Department of Obstetrics, Jinan, Central Hospital Affiliated to Shandong First Medical University, Jinan, Shandong, China.
Endocr Metab Immune Disord Drug Targets. 2024;24(14):1611-1621. doi: 10.2174/0118715303275367240103102801.
Gestational diabetes mellitus (GDM) is considered a risk factor for heart metabolic disorder in future mothers and offspring. Ferroptosis is a new type of programmed cell death, which may participate in the occurrence and development of GDM.
This study aims to identify ferroptosis-related genes in GDM by bioinformatics methods and to explore their clinical diagnostic value.
The dataset GSE103552 was analyzed using the Gene Expression Omnibus (GEO) database to screen for differentially expressed genes (DEGs) in GDM. Gene Ontology (GO) and Kyoto Encyclopedia of Genes and Genomes (KEGG) pathway enrichment analysis and proteinprotein interaction (PPI) network were performed. Gene sets for ferroptosis were retrieved in MSigDB and GSVA gene set analysis was performed on the database. Finally, logistic regression was performed to differentiate between GDM patients and controls to screen for diagnostic markers.
A total of 179 DEGs were identified in the expression profile of GDM. GO and KEGG enrichment analysis revealed significant enrichment in the TGF-β, p53 signaling pathway, platelet activation, glutathione metabolism, sensory perception of taste, and leukocyte and vascular endothelial cell migration regulation. DEGs (n = 107) associated with the ferroptosis gene set were screened by GSVA analysis. The screened DEGs for disease and DEGs for ferroptosis scores were intersected and 35 intersected genes were identified. PPI identified two key genes associated with GDM as CCNB2 and CDK1. Wilcox-test showed low expression of CCNB2 and CDK1 in GDM. The area under the ROC curve (AUC) of the CCNB2 and CDK1 prognostic model was 0.822.

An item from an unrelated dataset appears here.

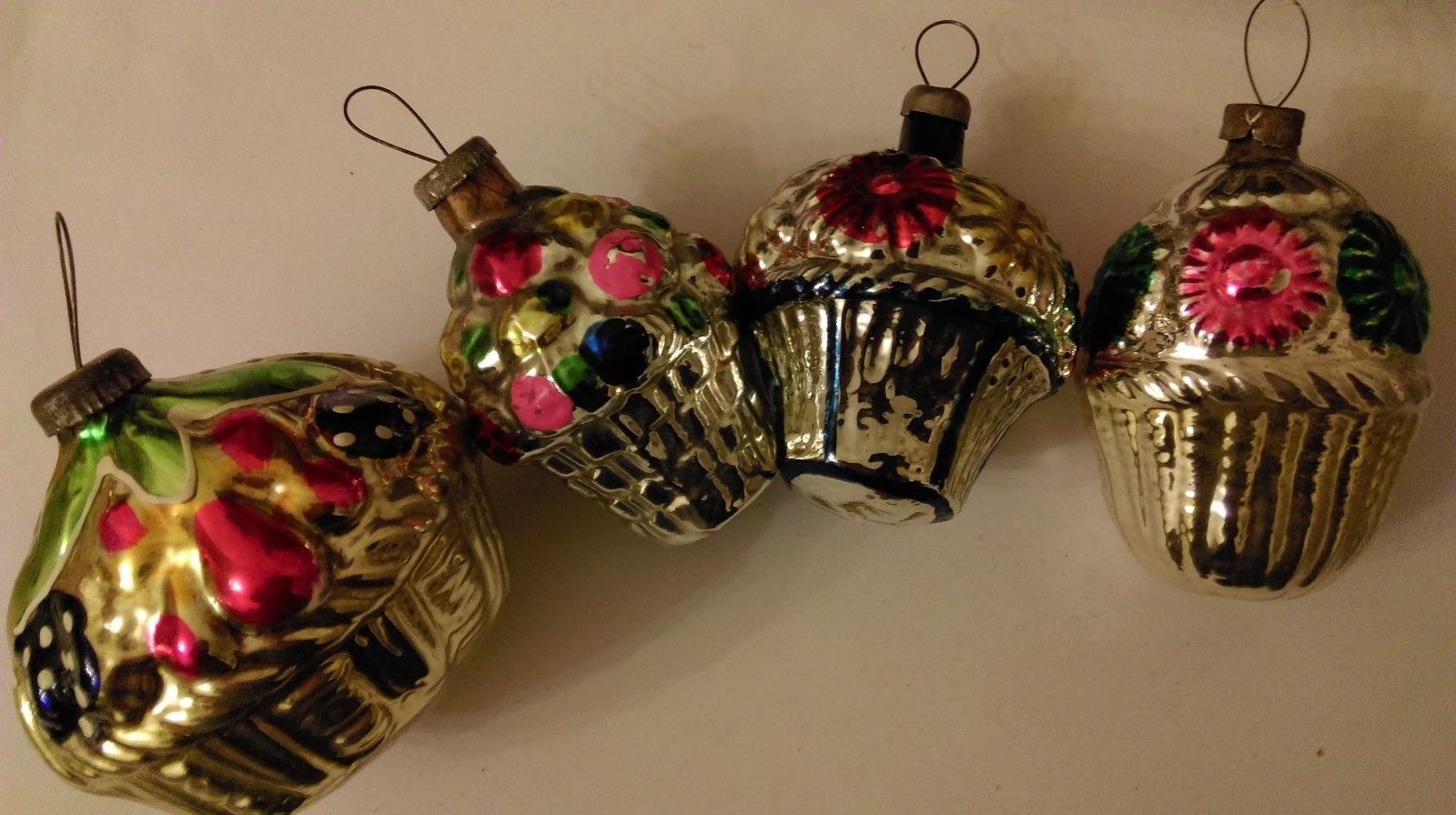 Title (ebay affiliate link): Antique CHRISTMAS silver glass ornaments 4 BASKETS

The genes associated with ferroptosis in GDM were CCNB2 and CDK1, which can be used as valid indicators for the diagnosis of GDM.
妊娠糖尿病(GDM)被认为是未来母亲和后代心脏代谢紊乱的一个危险因素。铁死亡是一种新型的程序性细胞死亡,可能参与 GDM 的发生和发展。
本研究旨在通过生物信息学方法鉴定 GDM 中的铁死亡相关基因,并探讨其临床诊断价值。
利用基因表达综合数据库(GEO)分析数据集 GSE103552,筛选 GDM 中的差异表达基因(DEGs)。进行基因本体论(GO)和京都基因与基因组百科全书(KEGG)通路富集分析以及蛋白质-蛋白质相互作用(PPI)网络分析。从 MSigDB 中检索铁死亡基因集,并对数据库进行 GSVA 基因集分析。最后,通过逻辑回归对 GDM 患者和对照组进行区分,以筛选诊断标志物。
在 GDM 的表达谱中鉴定出 179 个 DEGs。GO 和 KEGG 富集分析显示,TGF-β、p53 信号通路、血小板激活、谷胱甘肽代谢、味觉感觉感知、白细胞和血管内皮细胞迁移调节等通路显著富集。通过 GSVA 分析筛选出与铁死亡基因集相关的 DEGs(n=107)。对疾病的筛选 DEGs 和铁死亡评分的 DEGs 进行交集,共鉴定出 35 个交集基因。PPI 鉴定出与 GDM 相关的两个关键基因 CCNB2 和 CDK1。Wilcox 检验显示,GDM 中 CCNB2 和 CDK1 的表达水平较低。CCNB2 和 CDK1 预后模型的 ROC 曲线下面积(AUC)为 0.822。
GDM 中与铁死亡相关的基因是 CCNB2 和 CDK1,可作为 GDM 诊断的有效指标。